Leslie calls variety of initiatives multiple approaches in concert.
By Kyle R. Cotton
kcotton11@student.alamo.edu
Silver buckshot is the chancellor’s answer to those who are suffering from ‘initiative fatigue.’
Chancellor Bruce Leslie, in opening the strategic retreat Feb. 8 at Tri-Point Center, said like buckshot flying at a target, all the district initiatives lead to the same goal: student success.
Leslie addressed the sense of ‘initiative fatigue’ found in the recent Aspen Institute draft report.
Leslie said this wasn’t just an Alamo Colleges problem, but a national problem.
He echoed a quote from his friend and president of El Paso Community College, Dr. William Serrata, who spoke in April at the 95th annual American Association of Community College convention in San Antonio.
“You know we would all like to find the silver bullet; we would all like to find that one thing that will work perfectly for every student. There is no such thing, but there is silver buckshot,” Leslie said.
Leslie said he loves that quote because as someone who shoots skeet as a hobby, he immediately understood the spread-out yet focused nature of buckshot.
“There are multiple things we have to focus on. There can’t just be one thing,” Leslie said.
He pointed to the Alamo Colleges’ strategy map on everyone’s table: “These are the buckshot.”
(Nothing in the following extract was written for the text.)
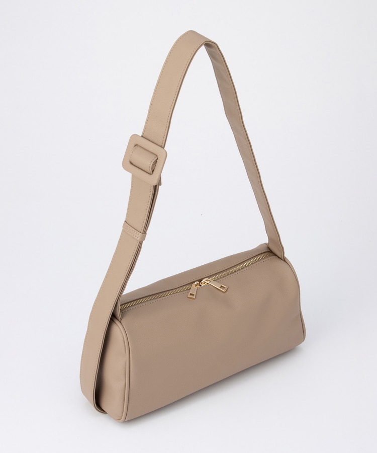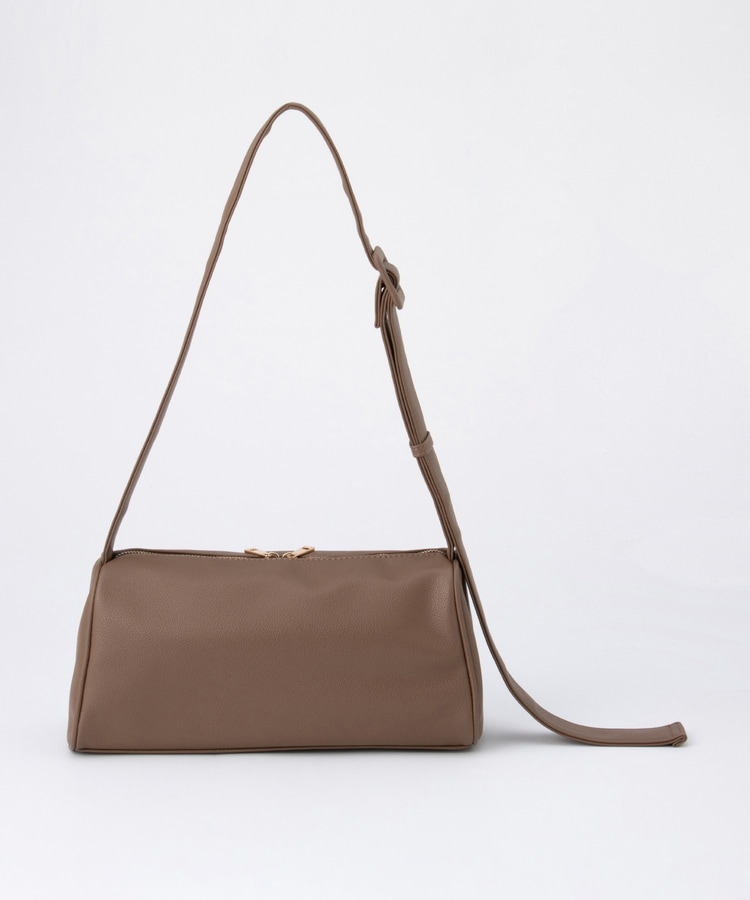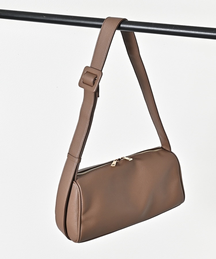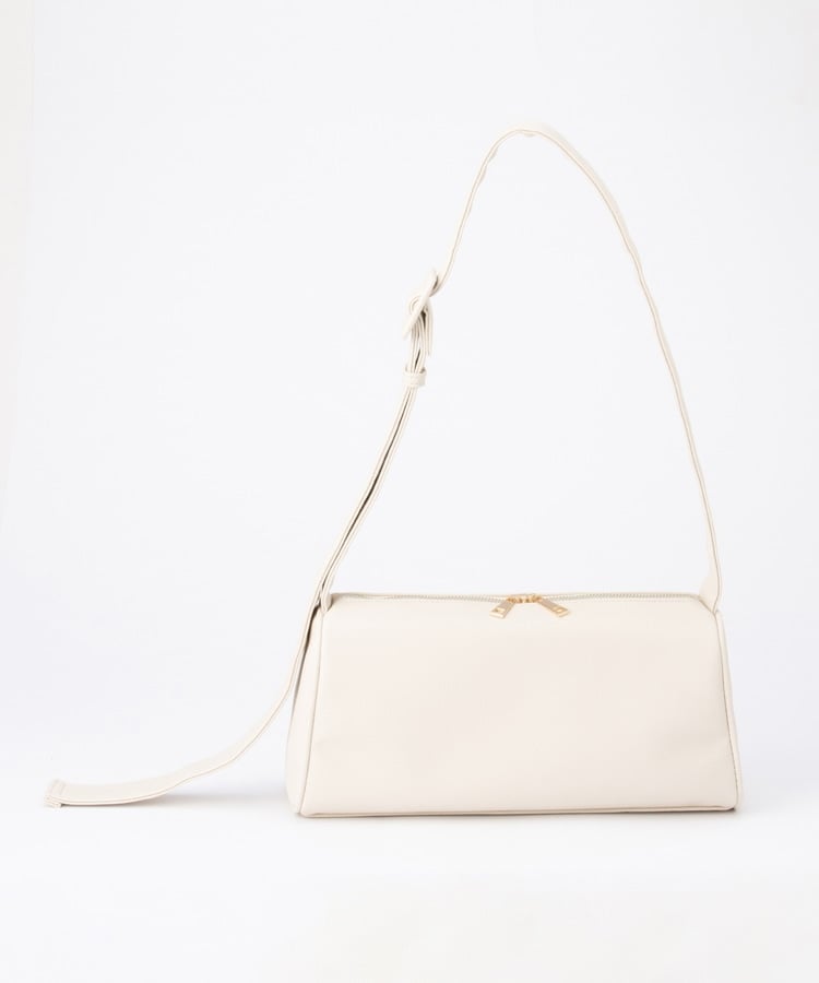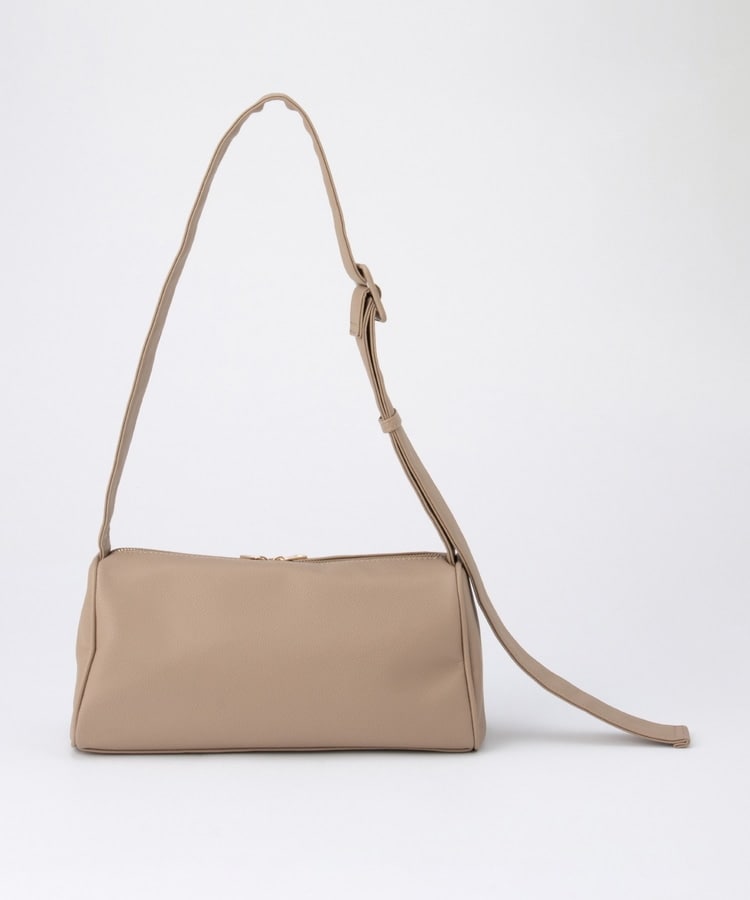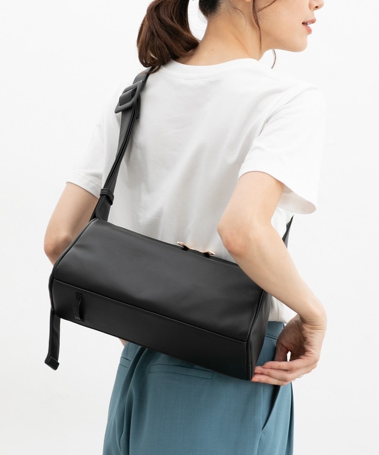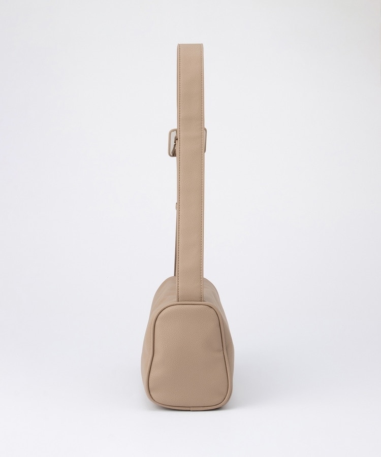 長さ調整可能なショルダーは、縮めたときに端を底面のループに通してすっきり収納可能。

The Alamo Colleges’ strategy map includes stakeholder imperatives from Texas and San Antonio, Alamo Way policies, six key strategic priorities and strategies, measures of success and target goals.
“These are not separate, different initiatives. This is not yet another initiative. This is not ‘here goes Bruce again’,” Leslie said. “This is the board, the PVC (presidents and vice chancellors), the community, the universities, everybody talking with each other asking: how do we go deeper, and how do we go broader? How do we reach every student and how do we go deep enough so that the effect on that student is both profound and makes a difference in his or her life?”
Leslie closed his introduction to the stakeholders, “It is a travesty for people not to be able to finish their degree or get their certificate, particularly when they leave here with debt or leave halfway through their university experience because they ran out of Pell because they had too many hours.”
“These are not multiple different things, these are all one thing that we are working so hard for to make students succeed, but it takes silver buckshot for that to happen,” Leslie said.
Access the map at www.alamo.edu/uploadedImages/District/About_Us/Chancellor/strategic_plan/AC-Strategy-Map.jpg.